Репин и раньше говорил мне, что хочет писать мой портрет. Я не очень торопилась с этим: мои портреты вообще редко выходили удачно, а репинскую манеру писать женщин я не любила. Но тут пришлось, конечно, с благодарностью согласиться. Только "два часа" растянулись на несколько месяцев. Я стала ездить к нему.

Хорошо помню эти, особенно зимние, поездки. После шумного, почти всегда пасмурного и задымленного зимнего Петербурга вдруг белый снег, чистота воздуха прямо опьяняющая, – когда снег пахнет то цветами, то арбузами... На незапачканном фабричным дымом небе яркое зимнее солнце, красное и золотое.

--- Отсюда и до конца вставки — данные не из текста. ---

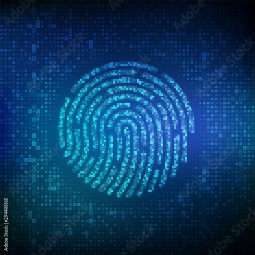 The watermark will not be included on Wall mural.: Fingerprint made with binary code - biometrics identification and approval - password control through

Маленькая, идеально чистая станция. Полное отсутствие "дачников" – это слово с легкой руки Горького стало синонимом пошлости. Летом они действительно опошляли эту задумчивую, молчаливую природу, наполняя ее шумом и суетой. Но зимой все тонуло в снегу. Кусты и пни в лесу притворялись белыми медвежатами или сгорбленными старушонками в белых кацавейках. Синички тинькали, как стеклянные колокольчики. Быстрая маленькая лошаденка подвозила к домику, стоявшему в лесу: Пенаты. Название нерусское, не подходившее ни к домику, ни к такому русскому художнику, каким был Репин, но это был вкус Н.Б.Нордман.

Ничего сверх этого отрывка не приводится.